CRAN vs. Microsoft R Open
The big question comes down to, when should you use Microsoft R Open over CRAN, the most popular R distribution? To be clear, there is no functionality lost if you use Microsoft R Open over CRAN. When you use Microsoft R Open, you retain the full functionality of a CRAN distribution and have access to all available libraries and development environments like RStudio or Jupyter. Microsoft states that anywhere you use CRAN, you can use Microsoft R Open.
Along with the added functionalities described above, a benefit of Microsoft R Open is that you retain the flexibility of an open source project while still having a large corporation guarantee the reliability of the product. This kind of confidence is key for companies that rely on certain analyses to make business decisions and want to guarantee that an analysis will work today, tomorrow, and months down the road.

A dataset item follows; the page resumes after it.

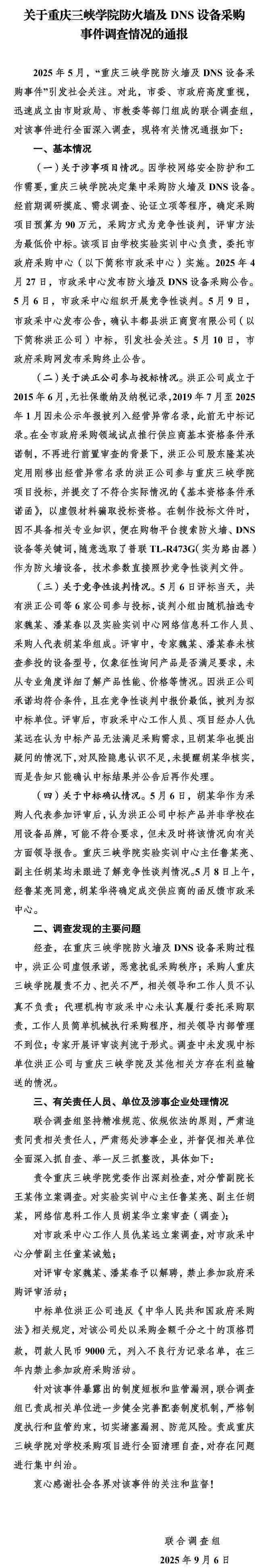 重庆市教委通报重庆三峡学院防火墙及DNS设备采购事件调查情况

With all these benefits, why would you not use Microsoft R Open over CRAN? First of all, CRAN always to have access to the latest package code. In Microsoft R Open, you have to wait for a new release for a guarantee that new and updated packages will work with your distribution. For the casual R user, the additional benefits come with a learning curve without the established community of CRAN. Since Microsoft R Open is still new to most users, you may not have the community support or knowledge like you do with CRAN.
If you or your company is looking for additional performance improvements with R or a better reproducibility of your R scripts, then Microsoft R Open may be a good solution. Just like with CRAN, Microsoft R Open is open source and available for download.